DIRECTIONS FOR THIS TASK –
From the records below, transcribe exactly the lines that begin at the line with "Eine runde, mehrpassige" and end at the line with "Con un peso", both included.

INFORMATION –
- - - - -
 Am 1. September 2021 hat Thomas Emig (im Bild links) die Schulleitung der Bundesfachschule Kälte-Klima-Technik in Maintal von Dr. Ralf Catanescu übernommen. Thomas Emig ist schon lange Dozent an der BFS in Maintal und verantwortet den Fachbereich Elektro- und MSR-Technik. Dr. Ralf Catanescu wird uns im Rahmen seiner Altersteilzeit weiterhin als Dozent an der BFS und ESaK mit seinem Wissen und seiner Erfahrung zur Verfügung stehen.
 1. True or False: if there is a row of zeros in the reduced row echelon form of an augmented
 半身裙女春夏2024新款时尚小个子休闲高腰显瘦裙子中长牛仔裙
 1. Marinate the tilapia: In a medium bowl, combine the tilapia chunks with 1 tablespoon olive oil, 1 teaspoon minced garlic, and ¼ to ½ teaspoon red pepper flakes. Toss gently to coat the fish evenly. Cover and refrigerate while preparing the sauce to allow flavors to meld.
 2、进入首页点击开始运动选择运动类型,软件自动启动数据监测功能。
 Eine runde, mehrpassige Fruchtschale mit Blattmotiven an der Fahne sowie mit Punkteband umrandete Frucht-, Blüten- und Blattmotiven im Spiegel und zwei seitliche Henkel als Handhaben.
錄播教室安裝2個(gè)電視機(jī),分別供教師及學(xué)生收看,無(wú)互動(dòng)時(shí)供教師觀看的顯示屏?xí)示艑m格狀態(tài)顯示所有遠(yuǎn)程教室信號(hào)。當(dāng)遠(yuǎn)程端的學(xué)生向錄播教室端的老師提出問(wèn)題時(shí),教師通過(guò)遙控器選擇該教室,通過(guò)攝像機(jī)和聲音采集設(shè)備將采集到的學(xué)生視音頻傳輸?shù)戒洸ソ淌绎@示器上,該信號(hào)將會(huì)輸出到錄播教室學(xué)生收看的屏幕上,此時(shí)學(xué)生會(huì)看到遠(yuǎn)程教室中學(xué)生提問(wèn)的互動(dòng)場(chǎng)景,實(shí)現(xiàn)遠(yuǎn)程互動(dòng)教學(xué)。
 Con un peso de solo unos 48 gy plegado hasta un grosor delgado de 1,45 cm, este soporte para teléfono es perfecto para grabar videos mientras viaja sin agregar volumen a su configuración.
- - - - -
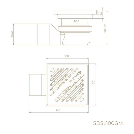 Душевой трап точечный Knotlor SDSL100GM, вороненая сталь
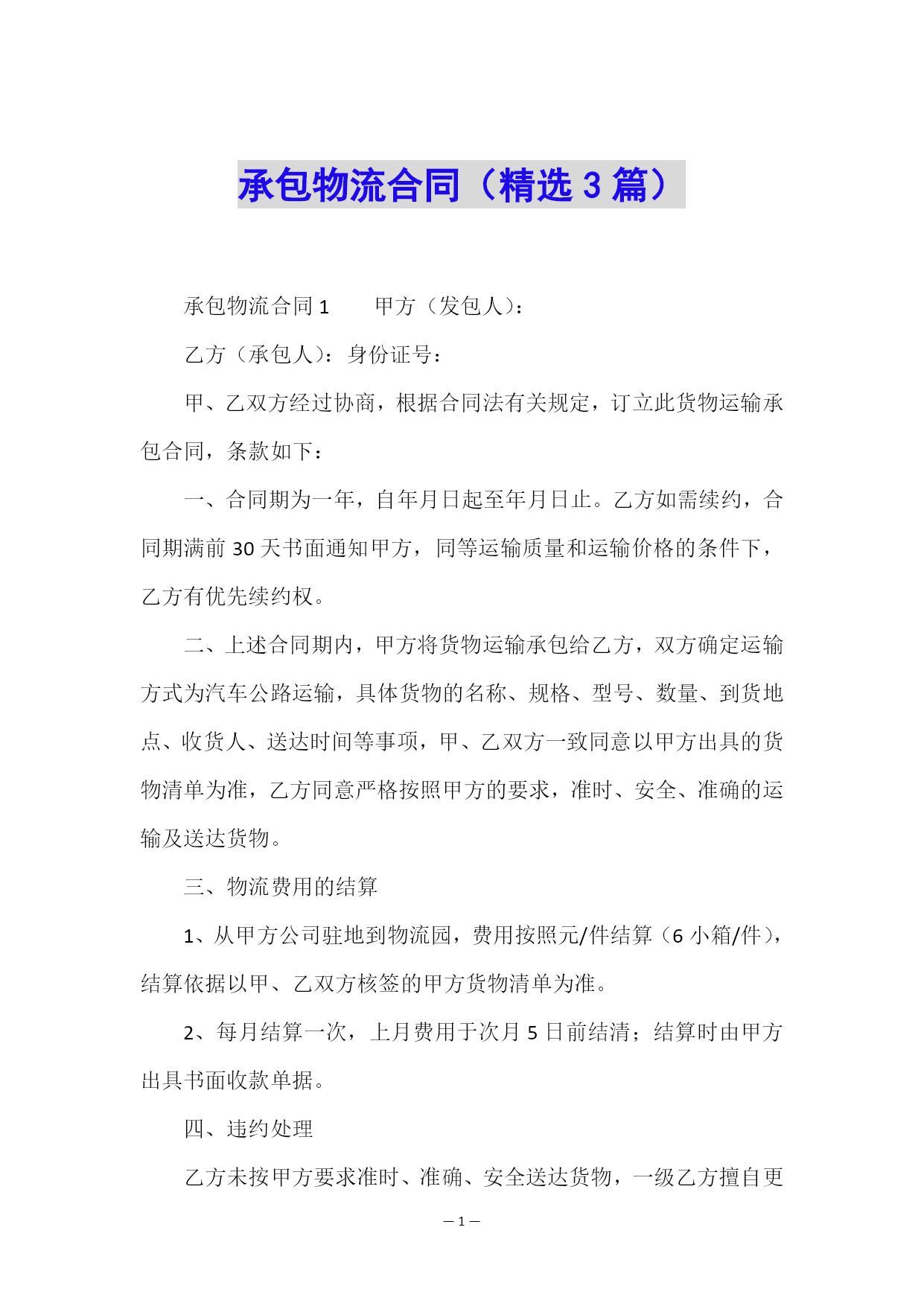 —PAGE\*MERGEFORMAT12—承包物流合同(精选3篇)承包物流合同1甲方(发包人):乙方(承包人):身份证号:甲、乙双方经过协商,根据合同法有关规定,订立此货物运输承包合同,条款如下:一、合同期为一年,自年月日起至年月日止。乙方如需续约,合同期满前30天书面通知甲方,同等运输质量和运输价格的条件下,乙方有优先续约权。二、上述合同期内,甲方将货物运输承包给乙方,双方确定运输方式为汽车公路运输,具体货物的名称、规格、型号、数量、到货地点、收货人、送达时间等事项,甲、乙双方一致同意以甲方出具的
- - - - -
RESULT –
 Eine runde, mehrpassige Fruchtschale mit Blattmotiven an der Fahne sowie mit Punkteband umrandete Frucht-, Blüten- und Blattmotiven im Spiegel und zwei seitliche Henkel als Handhaben.
錄播教室安裝2個(gè)電視機(jī),分別供教師及學(xué)生收看,無(wú)互動(dòng)時(shí)供教師觀看的顯示屏?xí)示艑m格狀態(tài)顯示所有遠(yuǎn)程教室信號(hào)。當(dāng)遠(yuǎn)程端的學(xué)生向錄播教室端的老師提出問(wèn)題時(shí),教師通過(guò)遙控器選擇該教室,通過(guò)攝像機(jī)和聲音采集設(shè)備將采集到的學(xué)生視音頻傳輸?shù)戒洸ソ淌绎@示器上,該信號(hào)將會(huì)輸出到錄播教室學(xué)生收看的屏幕上,此時(shí)學(xué)生會(huì)看到遠(yuǎn)程教室中學(xué)生提問(wèn)的互動(dòng)場(chǎng)景,實(shí)現(xiàn)遠(yuǎn)程互動(dòng)教學(xué)。
 Con un peso de solo unos 48 gy plegado hasta un grosor delgado de 1,45 cm, este soporte para teléfono es perfecto para grabar videos mientras viaja sin agregar volumen a su configuración.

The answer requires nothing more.